▶ [Problem statement]
All lines from the beginning of the listing through the line with "3 Pack CONVERSE" are to be copied word for word; the pictures are not.

▶ [Supplied data]
== Segment start ==
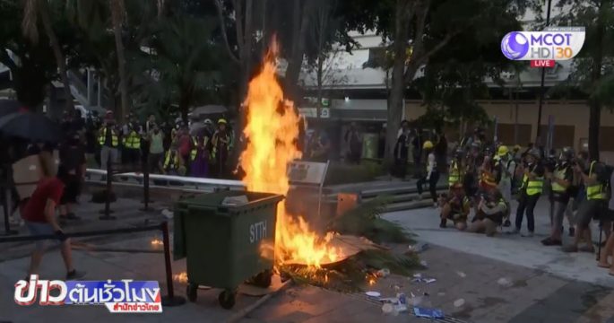 ผู้ประท้วงฮ่องกง เข้าไปทุบทำลายร้านค้าของชาวจีนในห้างสรรพสินค้า เหยียบย่ำธงชาติจีน รวมถึงทำลายทางเข้าสถานีรถไฟใต้ดิน พร้อมนำสิ่งของมาจุดไฟเผากลางถนน
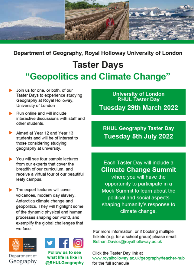 We normally run 2 each term- please join our mailing list by contacting christopher.satow@rhul.ac.uk to hear directly about future dates. Typically a day will include two A-Level relevant teaching sessions, a campus and department tour and a careers session. You will also have an invaluable experience meeting our existing geography degree students!
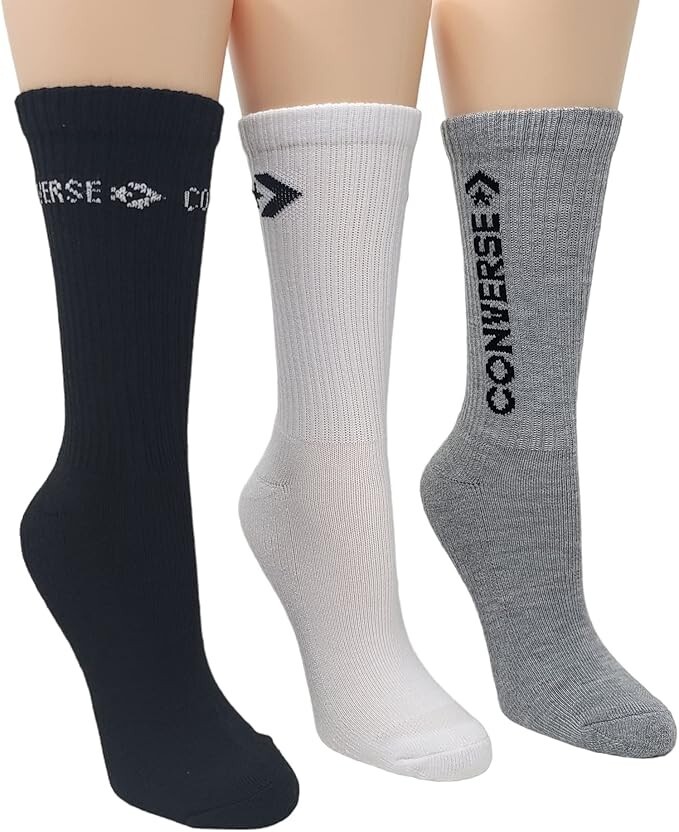 3 Pack CONVERSE Women's Half Cushion Crew Socks Size 4-10 White/Black/Light Grey
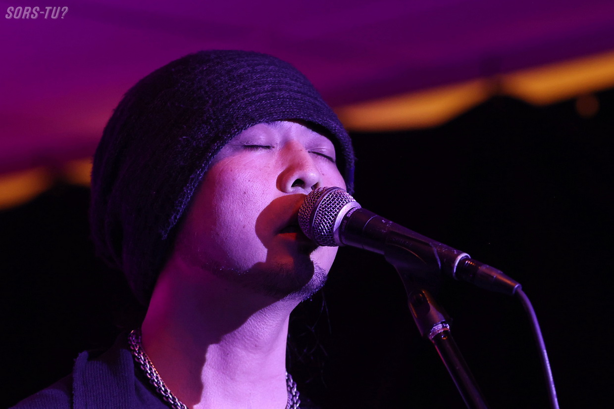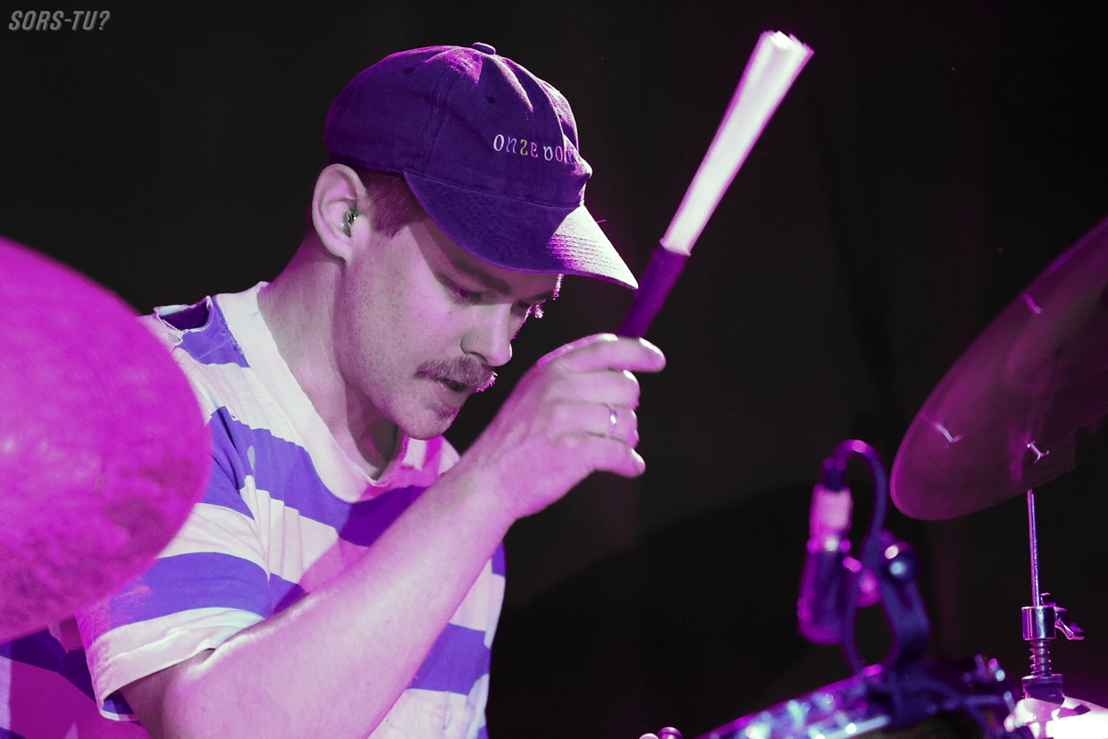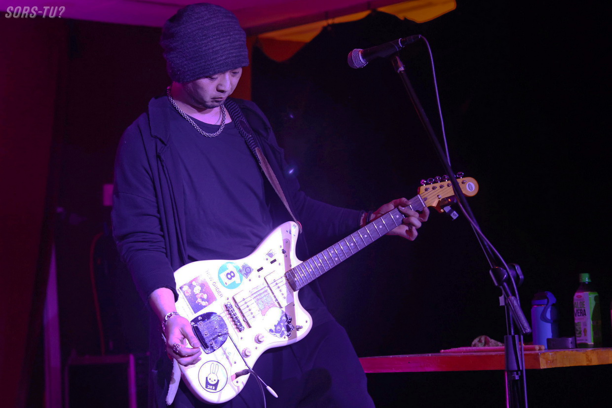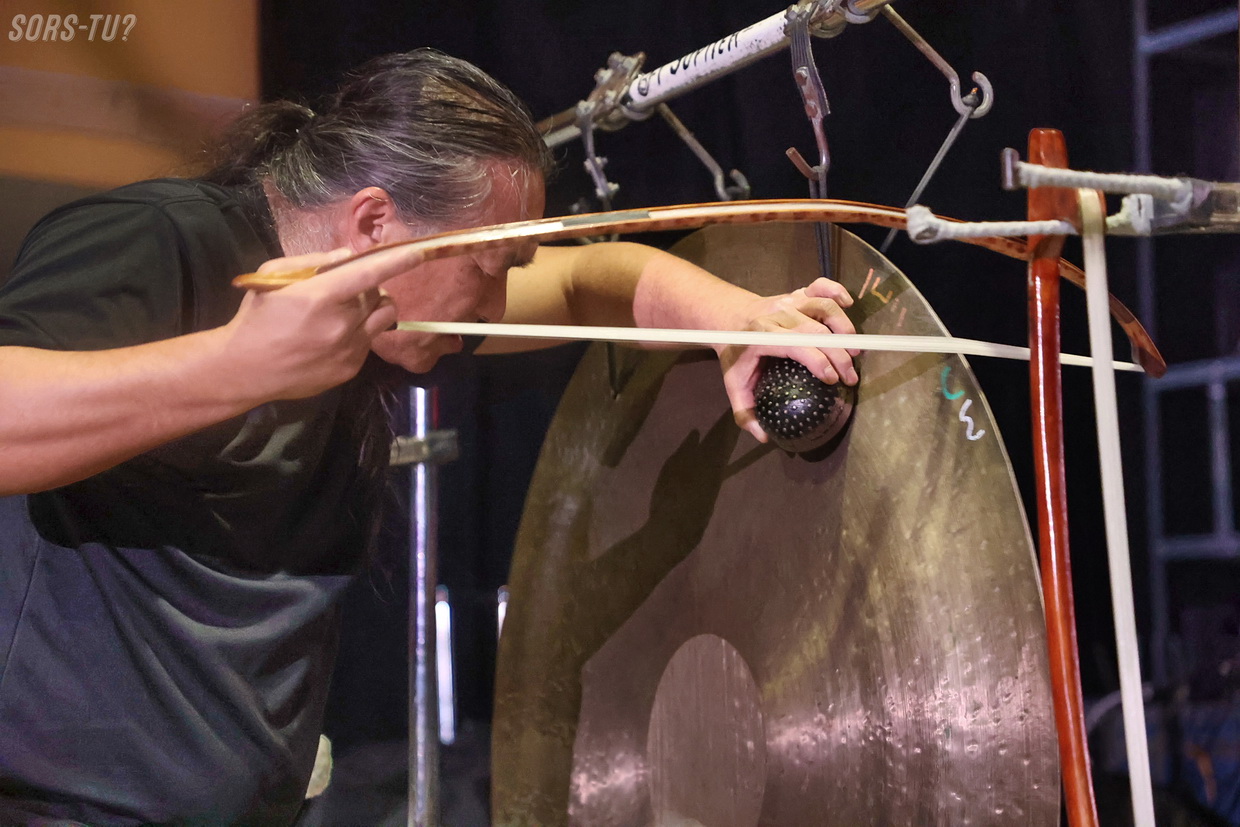 C’est en solo qu’il s’exécutait, donc il était entouré d’un large gong, de Kobo Bows (archets qu’il sculpte lui-même et qui produisent des textures impossibles à obtenir avec des archets traditionnels) et de divers objets percussifs incluant des cymbales, tambours et bols chantants.
== Segment end ==
▶ [Your response]
 ผู้ประท้วงฮ่องกง เข้าไปทุบทำลายร้านค้าของชาวจีนในห้างสรรพสินค้า เหยียบย่ำธงชาติจีน รวมถึงทำลายทางเข้าสถานีรถไฟใต้ดิน พร้อมนำสิ่งของมาจุดไฟเผากลางถนน
 We normally run 2 each term- please join our mailing list by contacting christopher.satow@rhul.ac.uk to hear directly about future dates. Typically a day will include two A-Level relevant teaching sessions, a campus and department tour and a careers session. You will also have an invaluable experience meeting our existing geography degree students!
 3 Pack CONVERSE Women's Half Cushion Crew Socks Size 4-10 White/Black/Light Grey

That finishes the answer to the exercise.